Eleven different learning schemes were applied (1 centralized baseline, 4 node-individual, 6 decentral), which are summarized in Table 3. The following chapters describe each method in detail.

Table 3 List of all applied learning schemes: 1 baseline model trained with all data centralized as performance reference (B), 4 individual models trained only with one of the four nodes’ datasets (I1–I4), and 6 decentralized learning schemes (M1–M3). The outcome description gives information about what each learning scheme results in. The references note the schemes origin or refer to similar algorithms found in literature

2.4.1 B: Baseline Centralized Model

The baseline model (B) served as a control classifier. For this model, all of the training data was joined to resemble a non-distributed optimal learning setting. On this aggregated training data, the model was trained for 50 epochs. Learning rate was decayed by Eq. 1 where the initial learning rates lr0 = 0.001, decay λ = 0.2, and current epoch number is t.

$$l{r}_t=\frac{l{r}_{t-1}}{1+t\ast \lambda }$$
(1)

2.4.2 I1-I4: Individual Models

One individual model was trained for each of the four data nodes, resulting in four additional models (I1: CPSC, I2: Georgia, I3: PTB, and I4: INCART), which were trained the same way as the combined model, but only with training data from the respective nodes.

2.4.3 M1a: Regression Ensemble

The first method to aggregate knowledge from federated data sources was to calculate the average of all classification results from the individual models I1–I4. All models trained on individual nodes were queried to classify the common test set. Subsequently, the result was determined by calculating the mean of each class-specific regression result. Finally, a threshold of 0.5 (= 50% probability) was applied to derive the classification result of M1a from the regression values.

2.4.4 M1b: Weighted Regression Ensemble

In M1a, all four individual models contributed equally to the final classification. However, in M1b, the individual regression results were weighted according to two factors (see Eq. 2): (a) their training set size proportion in relation the total dataset size (sample size nm divided by the sum of sample sizes of all nodes) and (b) their node-internal AUROC performance.

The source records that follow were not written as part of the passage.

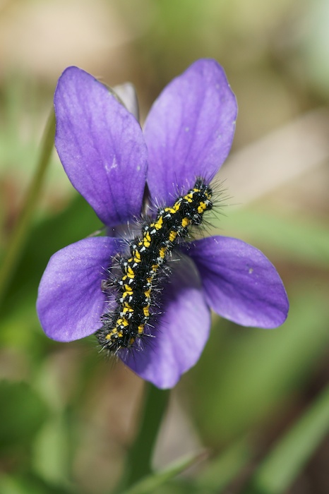 la netteté est vraiment ciblée sur la chenille, dommage un peu pour les pétales, mais tout cela se détache bien du fond.
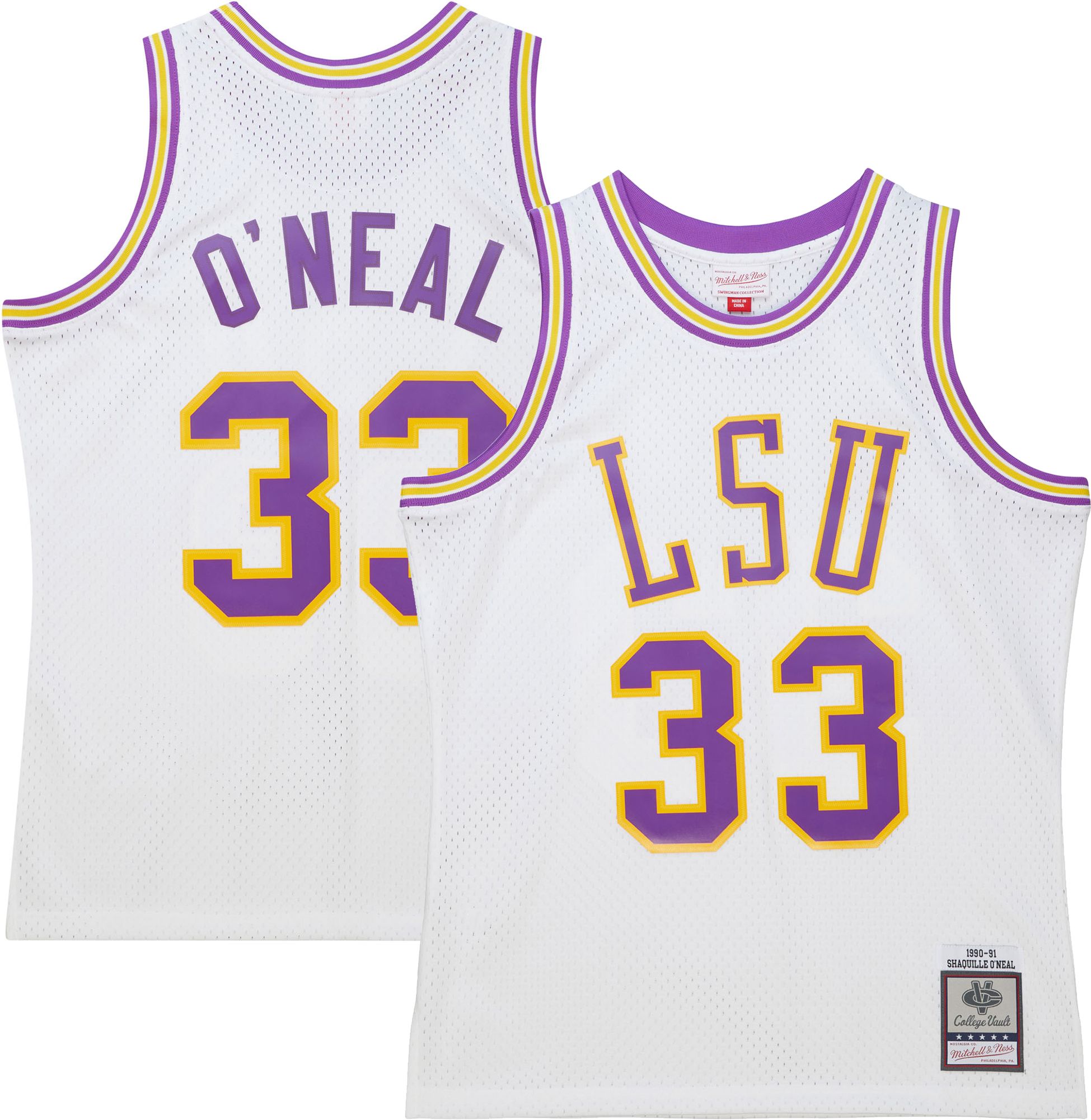 Mitchell & Ness Men's LSU Tigers White Shaquille O'Neal #33 Swingman Home Jersey
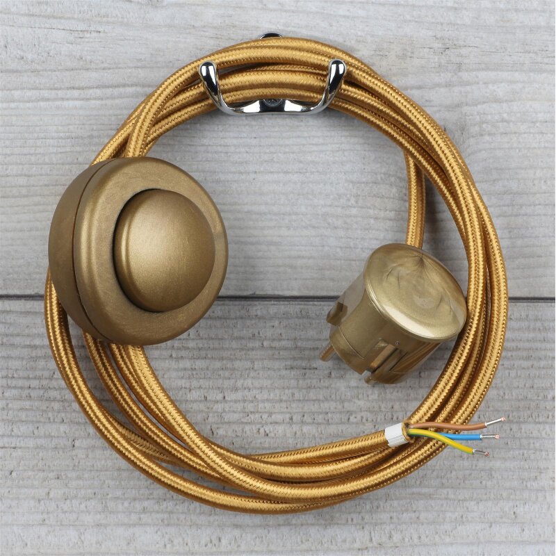 Länge von 50m) Technische Informationen: PVC Kabelleitung: H03VV-F 3x0,75mm² mit Textilmantel Farbe Textilmantel: gold Für Spannungen: 300/300V Bauart: Rundkabel, 3-adrig br, bl m Eine Textur erinnert an die Natur, die Einfachheit, neu erfunden um Raum Eurer Fantasie. Dank dem Stoffüberzug mit metallischen Reflexen jeden Ihrer Einrichtung verleiht mehr Licht in Ihrem Zuhause. Produkt für den Indoor Gebrauch , Made in Italy Textilkabel, Stoffkabel, Textilleitung,rund, Fuchsia 3x0,75mm² H03VV-F Die Qualität und die Fantasie vereinten Italiens in einem einzigen Produkt Textilkabel, Leitung Faser umflochten, rund, Goldgelb, 3x0,75 H03VV - Dieses Produkt enthält keine Lichtquelle - Glühbirne nicht enthalten NATURFASERN
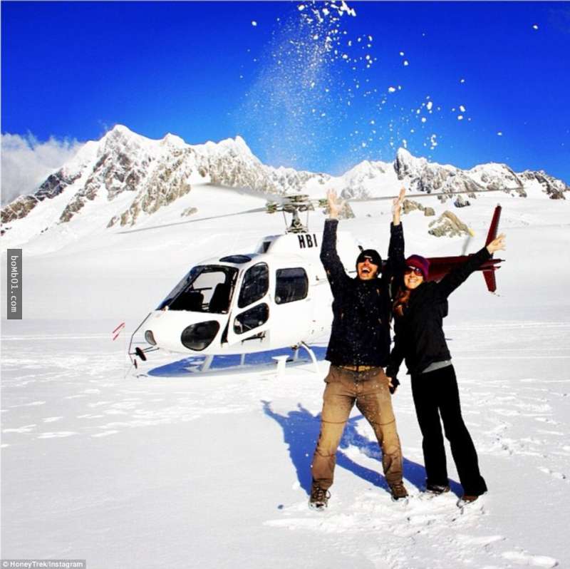 ▼還曾搭乘直升機來到紐西蘭的山頂。
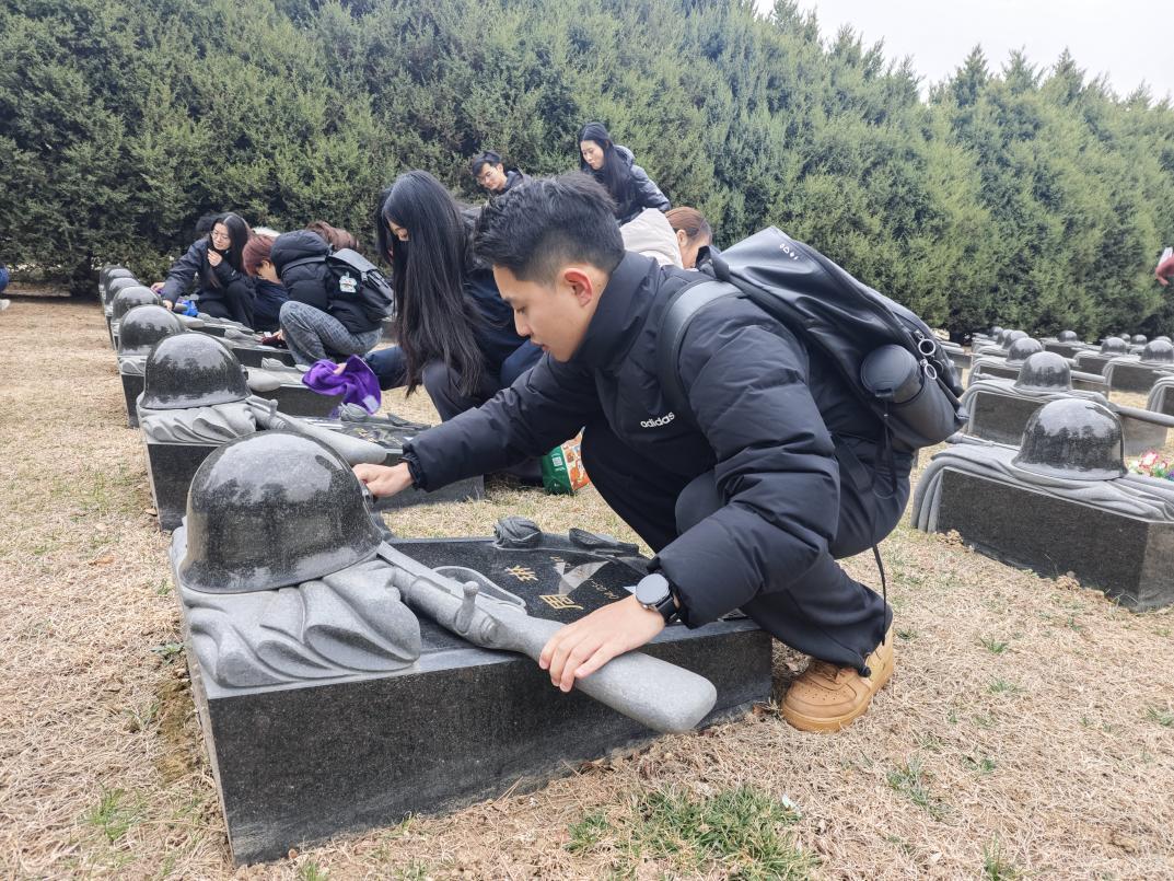 缓步走入庄严肃穆的烈士墓区,全体人员整装肃立,低头默哀,向为民族独立、人民解放英勇献身的革命英烈致以最深切的追思。默哀毕,同学们纷纷俯身擦拭墓碑、清扫落叶,用最朴素的方式表达对英烈的敬意,也在躬身实践中体悟雷锋精神的时代温度。
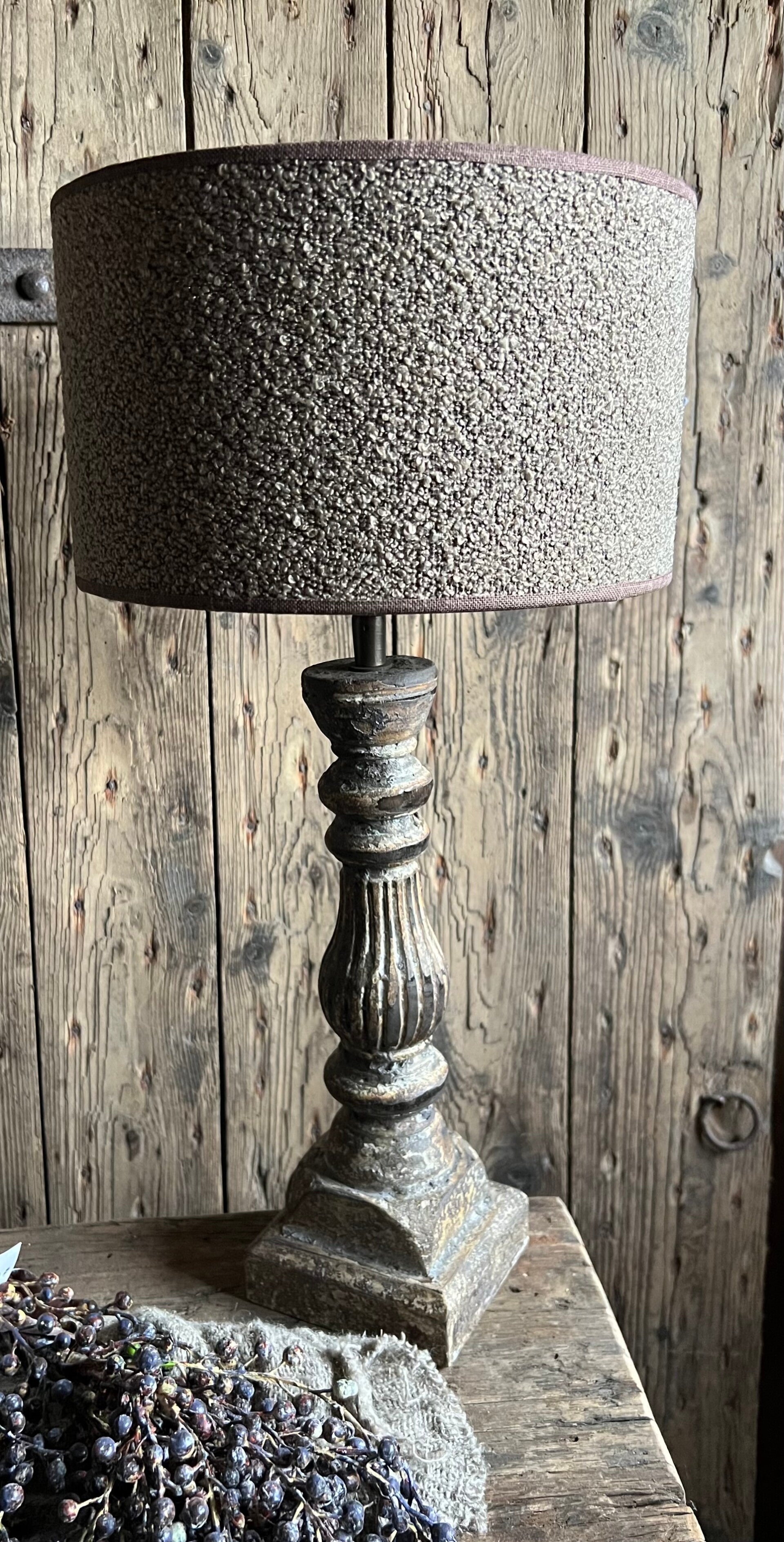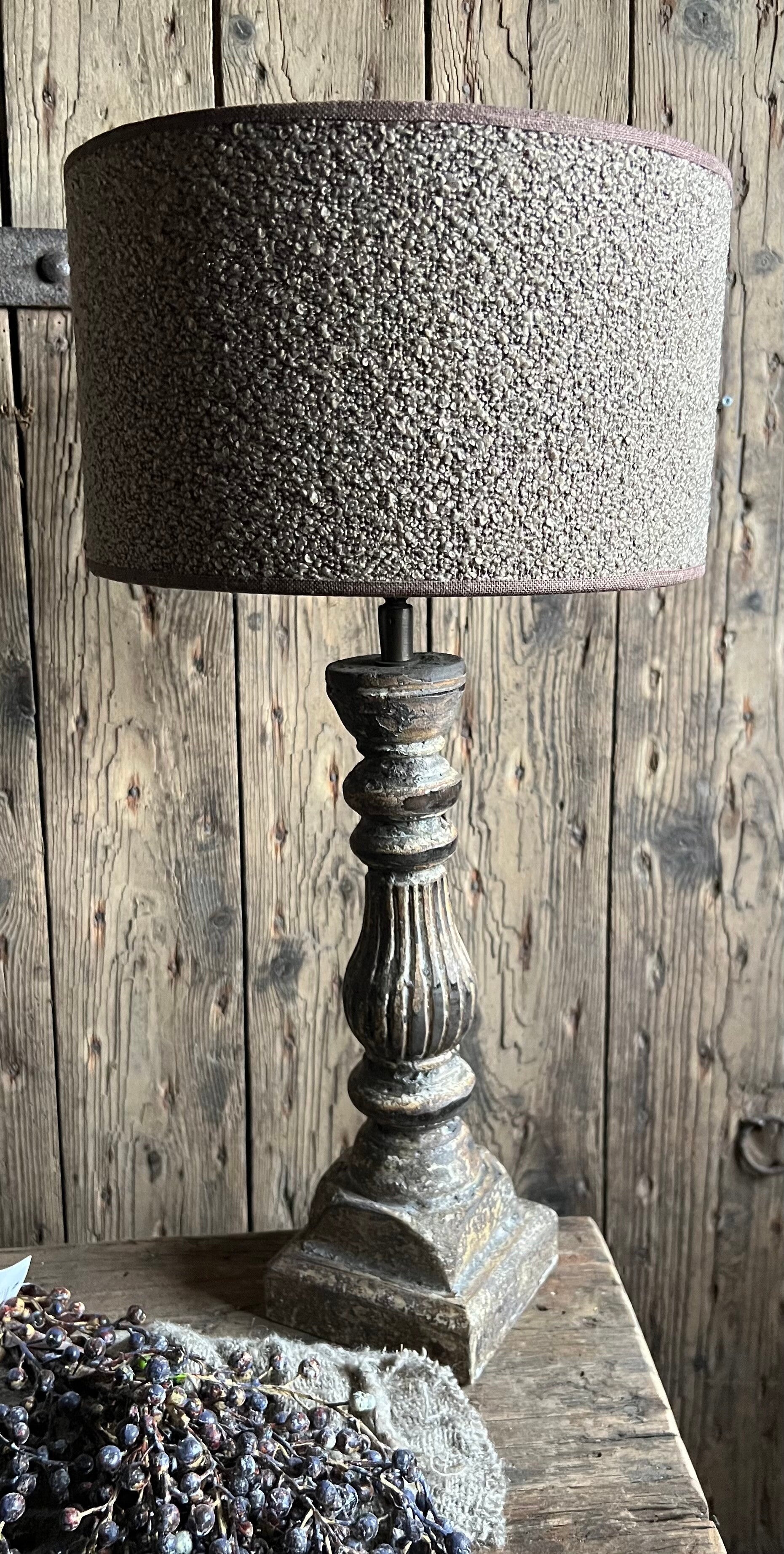 Houten baluster oud/ steenlook voet met taupe bruinige kap

$${w}_m=\frac{n_m}{\sum_{i=1}^4{n}_i}\ast \textrm{AURO}{C}_m$$
(2)

AUROC scores were interpolated to a range of [0, 1] and the final weights were normalized, so that the sum of all four weights was equal to 1.

2.4.5 M2a: Node-Wise Sequential Learning

A combined model was trained by progressively exposing the initially untrained model to the data of one node after the other, so that knowledge was gathered sequentially. This method was comparable to Institutional Incremental Learning as proposed by Sheller et al [42]. For method M2a, a single model was sent to all nodes in the following order: (1) CSPC, (2) Georgia, (3) INCART, and (4) PTB, as depicted in Fig. 2.

Fig. 2
figure 2

Node-wise sequential learning scheme (M2a): An untrained model was sequentially sent to all nodes, where it was trained for 50 epochs each. Learning rate was reset to 0.001 after each node

At first, a model was initialized and sent to the first node, where the model is trained with the data of this specific node. After training, the model was sent to the next node in order, where its already partly optimized weights were the initial condition for continuing the training with the next pool of data. At each node, the model was trained for 50 epochs and the learning rate was decayed after each epoch as described in Eq. 1. After training at a node, the learning rate was reset to the initial value of 0.001 and sent to the next node in order. This was repeated until the model was trained at all nodes once.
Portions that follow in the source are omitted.